Task directions> What you return should be every line below, word for word, and none of the images.

── Supplied material

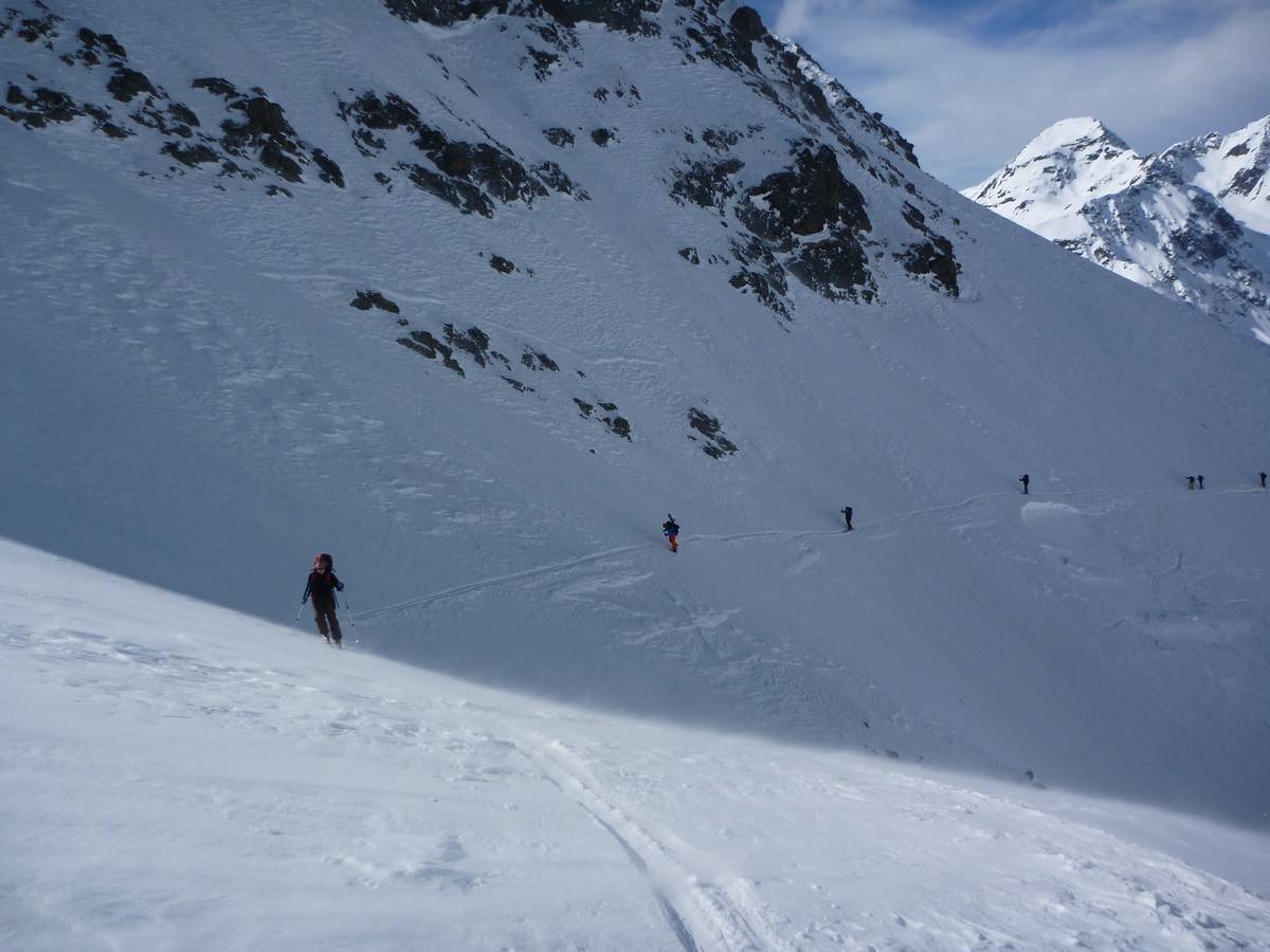 Über den herrlichen Südwesthang etwas rechts haltend bis zum Kartellsee. Hier kann über die Staumauer abgefahren werden bis zum Weg der weiter zur Rossfallalpe führt. Etwa 300 m nach der Rossfallalpe führt ein Weg rechts in einem kurzen Gegenanstieg hoch bis zur Maasbahn.
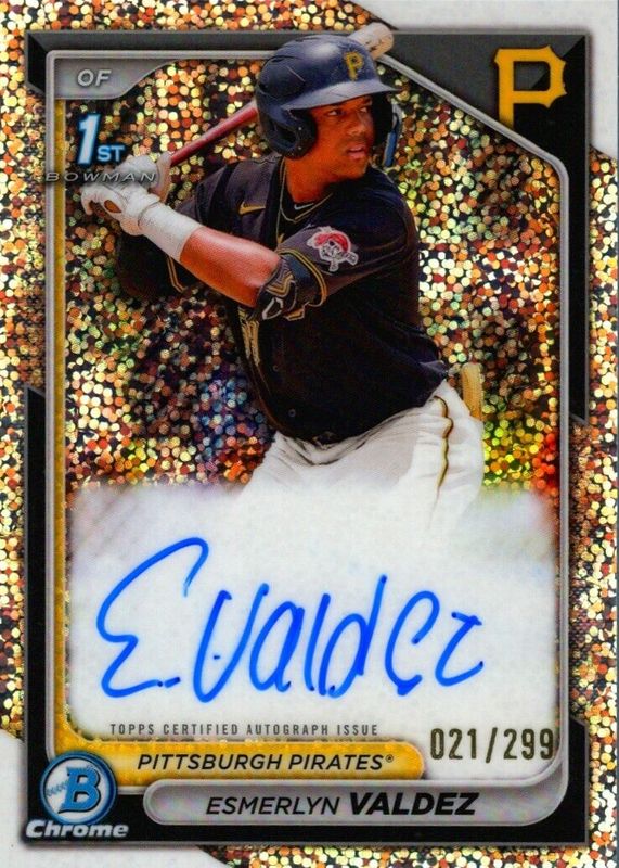 ESMERLYN VALDEZ - 2024 Bowman 1st Chrome SPECKLE Refractor #/299, Auto (Pirates)
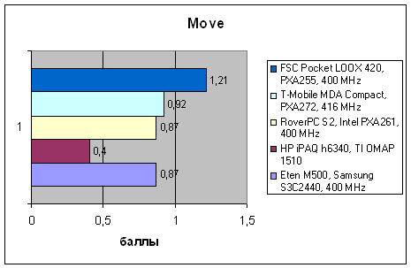 E-Ten M500 ощутимо быстрее большинства современных коммуникаторов на Pocket PC, в частности – популярного HTC Magician. Главное его преимущество – быстрый CPU. Усовершенствованный ARM-процессор Samsung заметно опережает по быстродействию основного конкурента – 416-мегагерцевый чип Intel PXA272, причем отрыв в операциях с плавающей запятой больше, чем в целочисленных. Но одним процессором в КПК сыт не будешь, так что свой вклад в успех модели вносит качественная подсистема памяти. Нельзя сказать, что она сверхбыстрая, производительность ее скорее «на уровне» конкурирующих разработок (того же Magician и «2,8-дюймового» раскладного коммуникатора Wistron/Lenovo, известного у нас под обозначением RoverPC S2), она не «вытягивает», но и не обременяет процессор, позволяя ему хорошо делать свою работу.
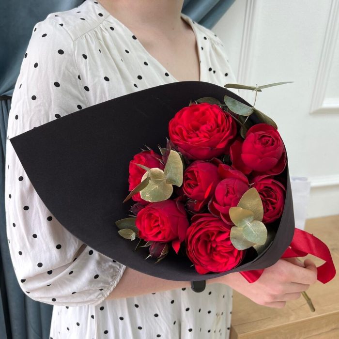 роза пионовидная ред пиана – 7 шт.Эвкалипт – 3 шт.Дизайнерская упаковка – 1 шт.Лента атласная – 1 шт.подкормка для срезанных цветов – 1 шт.рекомендация по уходу за цветами – 1 шт.

────

Final answer>
 Über den herrlichen Südwesthang etwas rechts haltend bis zum Kartellsee. Hier kann über die Staumauer abgefahren werden bis zum Weg der weiter zur Rossfallalpe führt. Etwa 300 m nach der Rossfallalpe führt ein Weg rechts in einem kurzen Gegenanstieg hoch bis zur Maasbahn.
 ESMERLYN VALDEZ - 2024 Bowman 1st Chrome SPECKLE Refractor #/299, Auto (Pirates)
 E-Ten M500 ощутимо быстрее большинства современных коммуникаторов на Pocket PC, в частности – популярного HTC Magician. Главное его преимущество – быстрый CPU. Усовершенствованный ARM-процессор Samsung заметно опережает по быстродействию основного конкурента – 416-мегагерцевый чип Intel PXA272, причем отрыв в операциях с плавающей запятой больше, чем в целочисленных. Но одним процессором в КПК сыт не будешь, так что свой вклад в успех модели вносит качественная подсистема памяти. Нельзя сказать, что она сверхбыстрая, производительность ее скорее «на уровне» конкурирующих разработок (того же Magician и «2,8-дюймового» раскладного коммуникатора Wistron/Lenovo, известного у нас под обозначением RoverPC S2), она не «вытягивает», но и не обременяет процессор, позволяя ему хорошо делать свою работу.
 роза пионовидная ред пиана – 7 шт.Эвкалипт – 3 шт.Дизайнерская упаковка – 1 шт.Лента атласная – 1 шт.подкормка для срезанных цветов – 1 шт.рекомендация по уходу за цветами – 1 шт.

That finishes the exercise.